“Let’s start with the bad,” said Valentin Pepeljugoski, the Managing Partner of the Pepeljugoski Law Firm in Macedonia, who reported that the strike of Skopje court administration employees that began at the end of May and still continues, is “not good for bar members.”
The strike, which started when administration employees were not included in the recent 35% salary increase received by judges, public prosecutors, and officials in the public prosecutor’s offices, is, according to Pepeljugoski, “really bad for the rule of law, for clients, etc.” He concedes, however, that the salaries of court administration “are really very low” — he called them "beneath human dignity” — and he emphasized that, “if you ask me I fully approve of the administration.” Matters considered “urgent” which can’t easily be postponed — including requests for injunctions, bankruptcies, and IP matters — are being heard, but the solo practitioners and smaller law offices that focus their practices heavily on litigation are being really hurt by the delay in most matters.
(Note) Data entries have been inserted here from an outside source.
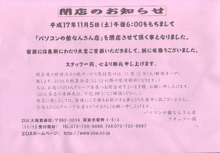 11/12 大阪箕面店が新規オープンとの事なので実質移転のようです.しかし日本橋エリアとしては巡回店が減るし,値段チェックでは現金価格では結構安い部類のお店だったので残念です.ZOA,オパソコンの館時代から数えると12年ほどこの場所で営業していたそうなので結構長かったですね.また日本橋に復活する可能性もあるようなので,その時はオタロードのど真ん中あたりお願いします.
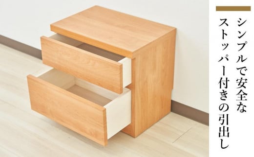 【洗面所などの限られた空間に便利】薄型チェスト 45cm幅2段 (ナチュラル木目)
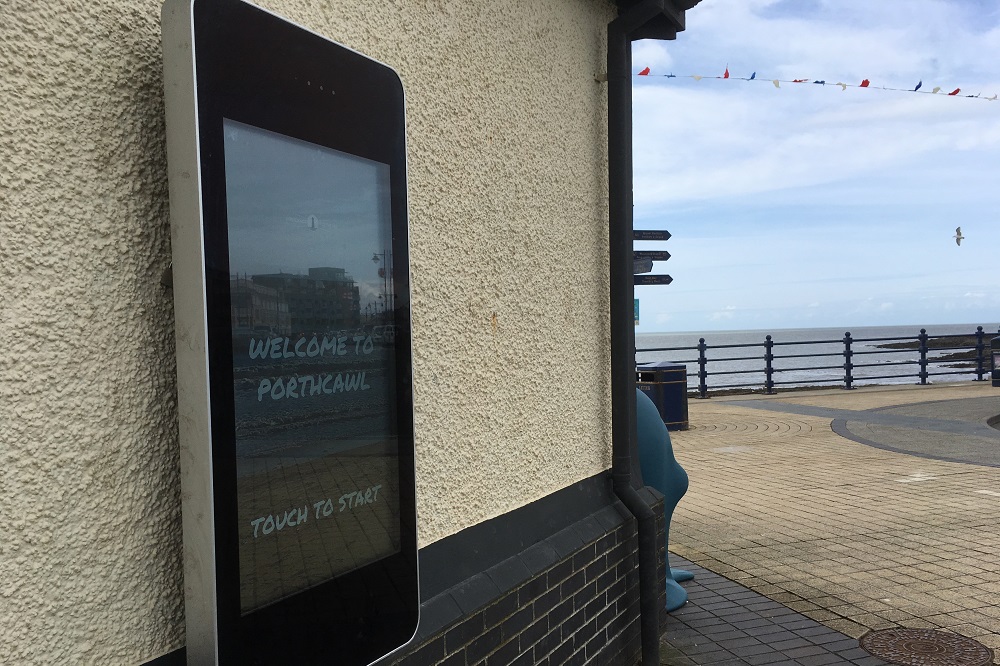The large touchscreens were a joint project between PTC and Credu consisting of interactive touch screens with tourist information available covering Porthcawl and surrounding area.
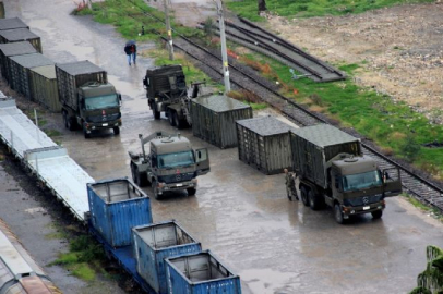 Hatay'ın sınır bölgesine Türk Silahlı Kuvvetleri (TSK) tarafından askeri lojistik malzeme sevkiyatı sürüyor. TSK'nın çeşitli birliklerinden vagonlarla gelen askeri lojistik malzemeleri İskenderun Garı'na ulaştı. Vagonlarla İskenderun Demiryolu İstasyonu'na ulaşan askeri malzemeler, vagonlardan indirilerek alınan güvenlik önlemleri altında askeri araçlara yüklendi. Askeri malzemelerin Suriye sınırındaki askeri birliklere gönderileceği öğrenildi. Sevkiyatların devam etmesi bekleniyor. (Mustafa Mert /İHA)
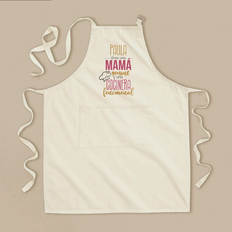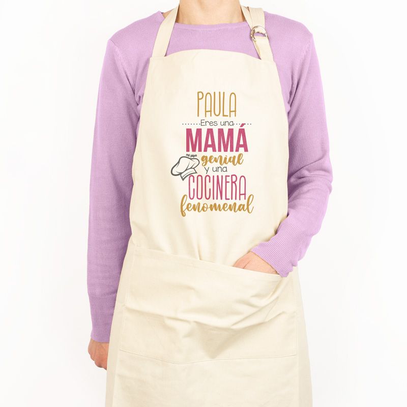 Delantal Algodón Premium Personalizado (Nombre) Es una Mamá genial y una Cocinera Fenomenal
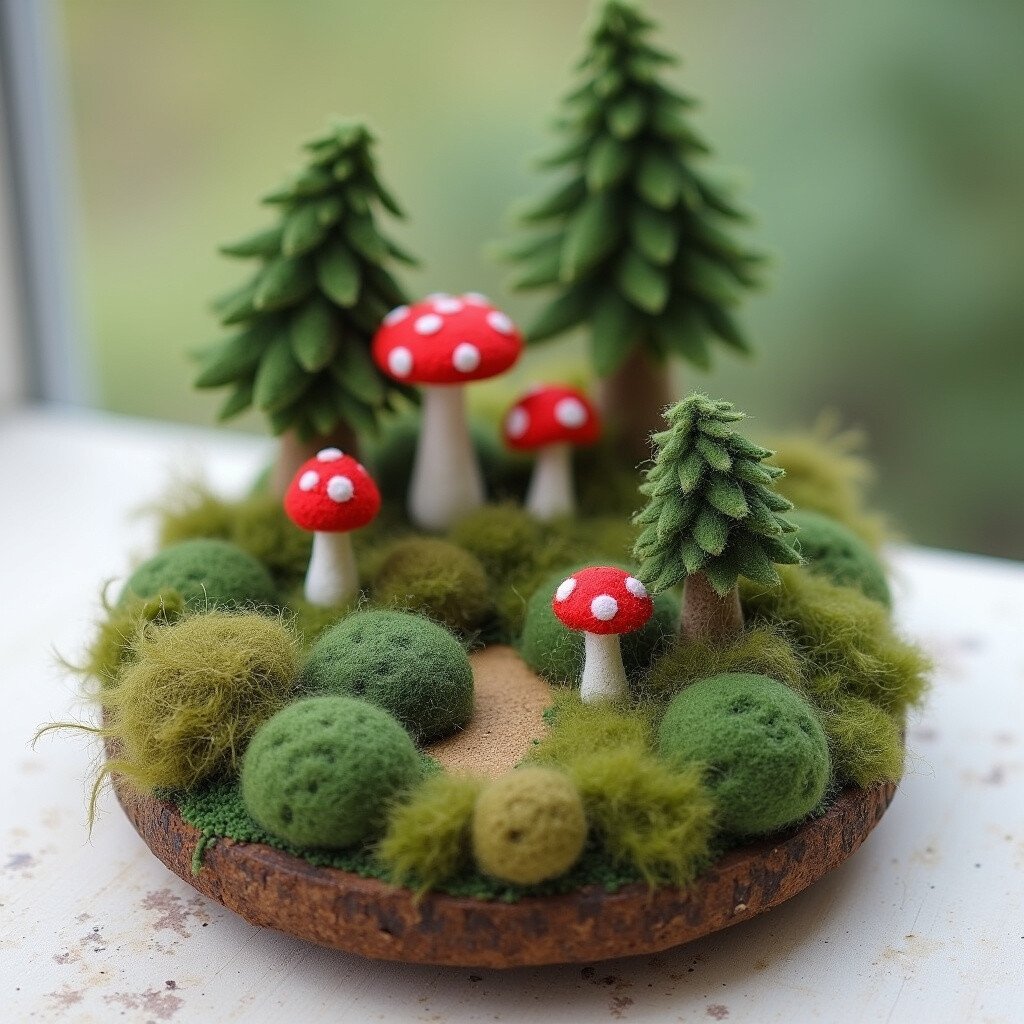 Create a miniature forest scene with needle-felted moss and tiny mushrooms. This idea is perfect for adding a touch of nature to your living room or workspace. The vibrant greens and earthy browns will make any space feel alive.
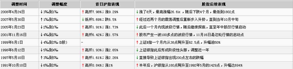 概念:證券交易印花稅是股民從事證券買賣所強制繳納的一筆費用,根據一筆股票交易成交金額計征。 作用:印花稅率的高低可以直接地改變股票的交易成本,因此監管層通過調整印花稅率可以起到調控股市的作用。回顧:1999年以來,中國證券印花稅率經歷了7次調整。過去只有一次是上調,趨勢是逐步降低,由6‰逐漸降至1‰。 近年最為著名的調整是在2007年5月30日,當日凌晨,財政部決定將現行的1‰印花稅調整為3‰。當天,滬綜指暴跌6.5%,兩市跌停的非ST類個股超過850只。
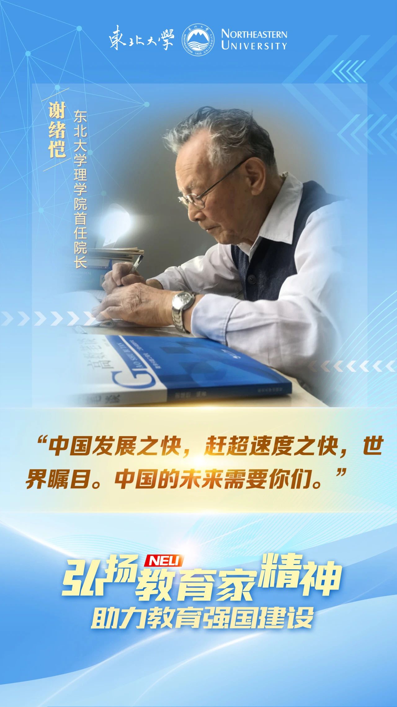 东北大学谢绪恺教授,三十而立,以他创新理论命名的成果就惊艳了学界;耄耋之年,依旧为学生笔耕不辍,写就“一看就懂”的高数辅导“四部曲”;为科学真理立说,为莘莘学子解惑,他从教55载不改师者本色,用一生诠释了大师之大学问和大先生之大德。
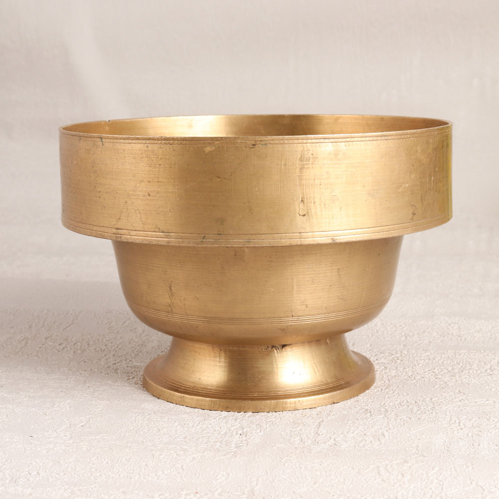 A vintage brass holy pot which is a testament to the timeless craftsmanship of professional Indian artisans from South India. Crafted with precision and passion, this holy pot showcases the artistry and dedication of its creators. With a charming antique brown finish, this pot not only serves as a vessel for sacred offerings but also as a versatile decorative piece. Place it in your home, office, hotel, cafe, shop, or restaurant's prayer room, infusing the ambiance with an aura of spirituality and tradition. This multifunctional artefact can be used for prayer rituals, offering a sacred connection to the divine. It also doubles as a small flower pot, adding a touch of elegance to your decor. This vintage brass holy pot is a valuable addition to any collector's trove and makes an excellent exhibit piece. Moreover, it's a thoughtful gift for loved ones on special, festive, or auspicious occasions, spreading the essence of tradition and craftsmanship.
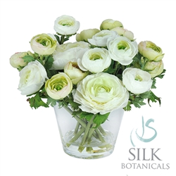 Ranunculus blossoms in soft greens and shades of white & cream are looking fresh as ever (forever!) with Liquid Illusion faux water adding even more realism to the mix. 10 inches tall.
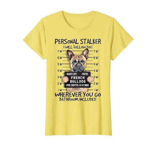 Funny Personal Stalker Fawn French Bulldog for Dog Owner T-Shirt, Women, Lemon Yellow, Small
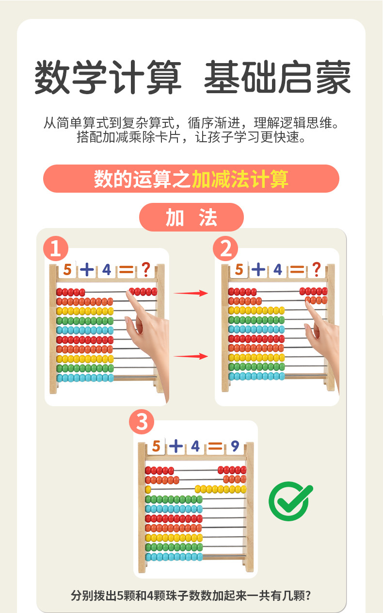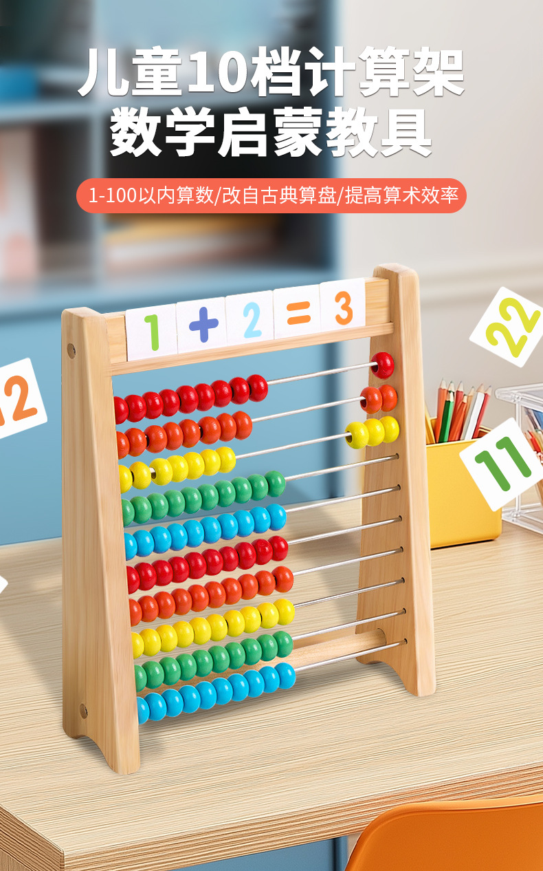 10단계 카운터 어린이 학습 도구 초등학교 1학년 수학 교육 보조 산술 유물 단단한 나무 주판 계산 스탠드스토어 가기
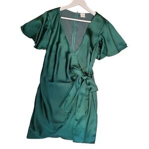 Selfie Leslie IRELAND SILKY ANGEL SLEEVE FAUX WRAP DRESS JADE M
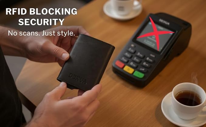 - RFID/NFC BLOCKING TECHNOLOGY: Dexua Istanbul RFID wallet offer advanced security for your cards. The built-in RFID blocking technology in this credit card holder ensures your information stays safe in a trifold leather wallet design.
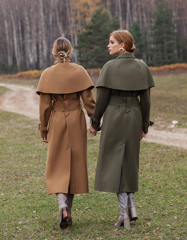 И не случайно: вдохновением для дизайнеров послужило творчество художника Виктора Васценова и прообраз «Аленушки». Поэтому модели на съемке будто слились с природой воедино. А кроме того, в пальто использованы элементы, которые добавляют им романтичности — это пелерина, погоны и крупные пуговицы. Все модели выполнены из итальянской шерсти, мериноса и эко-меха.
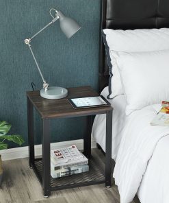 Some furniture looks good, but isn’t very practical. Others are functional, but look cold and boring. Not so much for this Modern Industrial Metal Wood Nightstand Side Table with Mesh Shelf with warm wood tones and a stable grid shelf, you get the best of both worlds. The sturdy, matte-black iron frame and robust tabletop with a rustic look are precisely the elegant mix of styles that make this multi-functional bedside table stand out; it has unique character, remarkable durability and a great load capacity on the tabletop (up to 44 lbs) and shelf (up to 33 lbs).
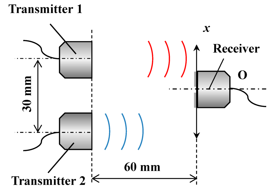 where x is the relative lateral displacement of the receiver from its origin, f(x) represents the standardized ultrasound intensity of the received ultrasound, σ is the standard deviation of the data plots, and μ is the position of the transmitter. In the following section, we will describe the measurement method for lateral displacement utilizing the characteristics of the air-coupled ultrasound transducer.

Business law firms like his, Pepeljugoski says, are better able to weather the storm.
Otherwise business in Macedonia is as good as it can be in the circumstances, Pepeljugoski says, “although the political situation is not so good.” He refers especially to the energy sector as strong, as the country’s Competition Authority has begun a process of reviewing agreements in the sector very carefully, providing substantial work for lawyers. The Macedonian energy market is not a “free market,” according to Pepeljugoski, with only state-owned enterprises able to purchase energy from suppliers, who are often badly-positioned to sue because of badly-drafted agreements. He also notes that the banking sector is strong.
Interestingly, he refers to an ongoing fight for market share among two trash collecting companies, which spills over regularly into the courts.
Turning to the legal market in Macedonia, Pepeljugoski points out that there are no “big international firms” in the market, as “our law does not allow foreign lawyers to set up classical law firms here as founders,” though he notes that several regional law firms specialized in the former Yugoslavia have “consultant" offices in Skopje. The market is fairly stable, and a few local firms have sprung up recently, started by 2-3 young lawyers, but in his opinion the traditional firms still dominate the market.
Finally, Pepeljugoski noted, a new Civil Code is in the works and expected to be enacted sometime next year. “For me it is not necessary,” he sighed, “because we already have the the law.” He said the decision to create a new Civil Code in the country is following “a trend in CEE,” and said, “for me, it’s not a positive one.” He sighed. “It creates problems when you’re always amending, always revising."